**TASK ITEM**. All of the data is to be written out again exactly, without the pictures.

**INPUT DATA**.
↓↓↓
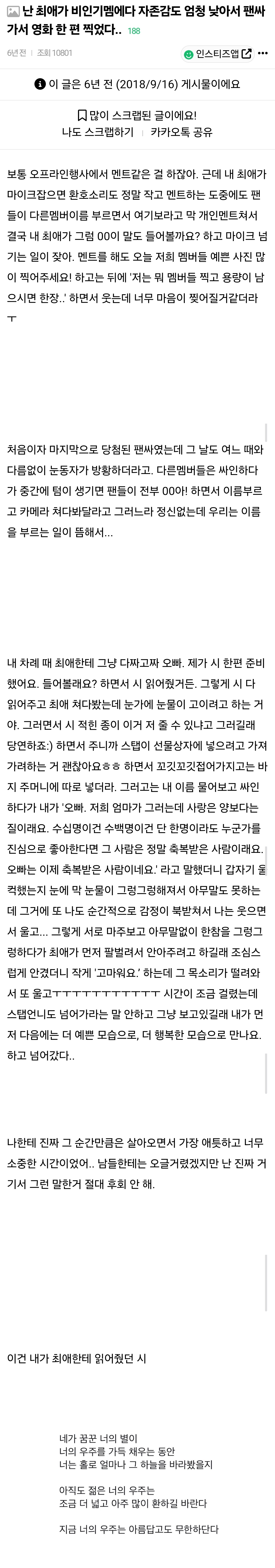 [스크랩] [흥미돋]난 최애가 비인기멤에다 자존감도 엄청 낮아서 팬싸가서 영화 한 편 찍었다.. 작성자머리칼을풀듯이어폰줄을풀지|작성시간25.10.24|조회수39,421 목록 댓글 32 글자크기 작게가 글자크기 크게가 출처: 여성시대 엿시씌 https://www.instiz.net/name_enter/57876730난 최애가 비인기멤에다 자존감도 엄청 낮아서 팬싸가서 영화 한 편 찍었다.. - 인스티즈(instiz) 보통 오프라인행사에서 멘트같은 걸 하잖아. 근데 내 최애가 마이크잡으면 환호소리도 정말 작고 멘트하는 도중에도 팬들이 다른멤버이름 부르면서 여기보라고 막 개인멘트쳐서 결국 내 최애www.instiz.net 다음검색 스크랩 원문 : *여성시대* 차분한 20대들의 알흠다운 공간 현재 게시글 추가 기능 열기 북마크 공유하기 신고 센터로 신고 댓글 댓글 32 댓글쓰기 답글쓰기 댓글 리스트 작성자춘식이는집순이 | 작성시간 25.10.25 뿌앵 ㅠㅠㅠㅠ 따뜻해 ㅠㅠㅠ 작성자서윤슬 | 작성시간 25.10.25 ㅠㅠㅠ 작성자유어스 | 작성시간 25.10.25 감동 ㅠㅠㅠㅜㅜㅜ 작성자초롱하츄핑 | 작성시간 25.10.25 울컥하네 작성자딩동댕대학원 | 작성시간 25.11.01 시를 진짜 잘썼네.. 아무 상관도 없는 내가 감동받고 감 댓글 전체보기
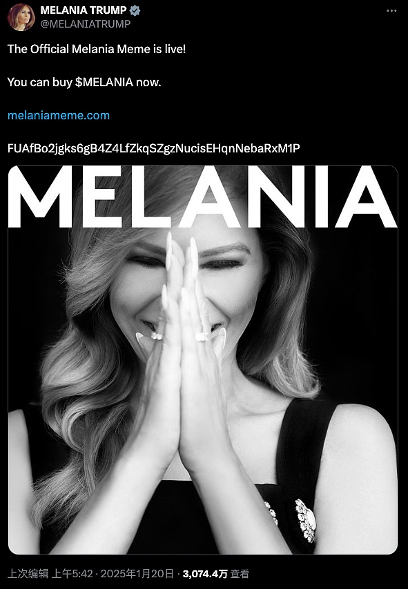 1月19日,特朗普的妻子梅拉尼亚宣布发行「MELANIA」代币之后,市场的质疑声更加强烈。
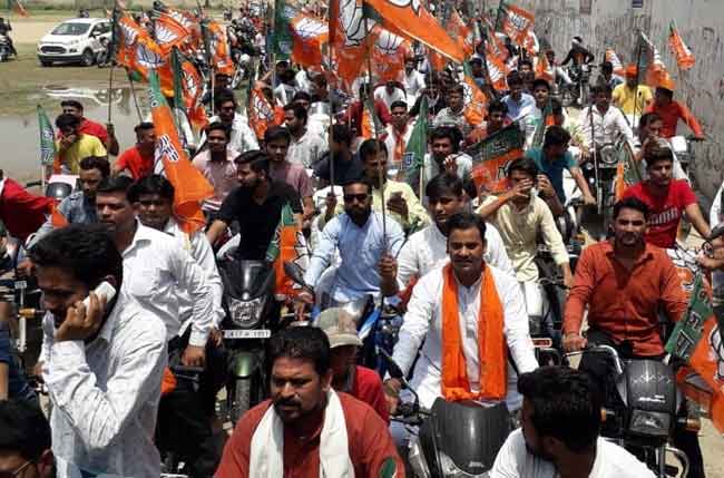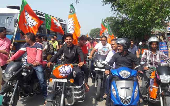 मोदी सरकार के चार साल पूरे होने पर भाजयुमो ने निकाली बाइक रैली
↑↑↑
**FINISHED EXERCISE**.
 [스크랩] [흥미돋]난 최애가 비인기멤에다 자존감도 엄청 낮아서 팬싸가서 영화 한 편 찍었다.. 작성자머리칼을풀듯이어폰줄을풀지|작성시간25.10.24|조회수39,421 목록 댓글 32 글자크기 작게가 글자크기 크게가 출처: 여성시대 엿시씌 https://www.instiz.net/name_enter/57876730난 최애가 비인기멤에다 자존감도 엄청 낮아서 팬싸가서 영화 한 편 찍었다.. - 인스티즈(instiz) 보통 오프라인행사에서 멘트같은 걸 하잖아. 근데 내 최애가 마이크잡으면 환호소리도 정말 작고 멘트하는 도중에도 팬들이 다른멤버이름 부르면서 여기보라고 막 개인멘트쳐서 결국 내 최애www.instiz.net 다음검색 스크랩 원문 : *여성시대* 차분한 20대들의 알흠다운 공간 현재 게시글 추가 기능 열기 북마크 공유하기 신고 센터로 신고 댓글 댓글 32 댓글쓰기 답글쓰기 댓글 리스트 작성자춘식이는집순이 | 작성시간 25.10.25 뿌앵 ㅠㅠㅠㅠ 따뜻해 ㅠㅠㅠ 작성자서윤슬 | 작성시간 25.10.25 ㅠㅠㅠ 작성자유어스 | 작성시간 25.10.25 감동 ㅠㅠㅠㅜㅜㅜ 작성자초롱하츄핑 | 작성시간 25.10.25 울컥하네 작성자딩동댕대학원 | 작성시간 25.11.01 시를 진짜 잘썼네.. 아무 상관도 없는 내가 감동받고 감 댓글 전체보기
 1月19日,特朗普的妻子梅拉尼亚宣布发行「MELANIA」代币之后,市场的质疑声更加强烈。
 मोदी सरकार के चार साल पूरे होने पर भाजयुमो ने निकाली बाइक रैली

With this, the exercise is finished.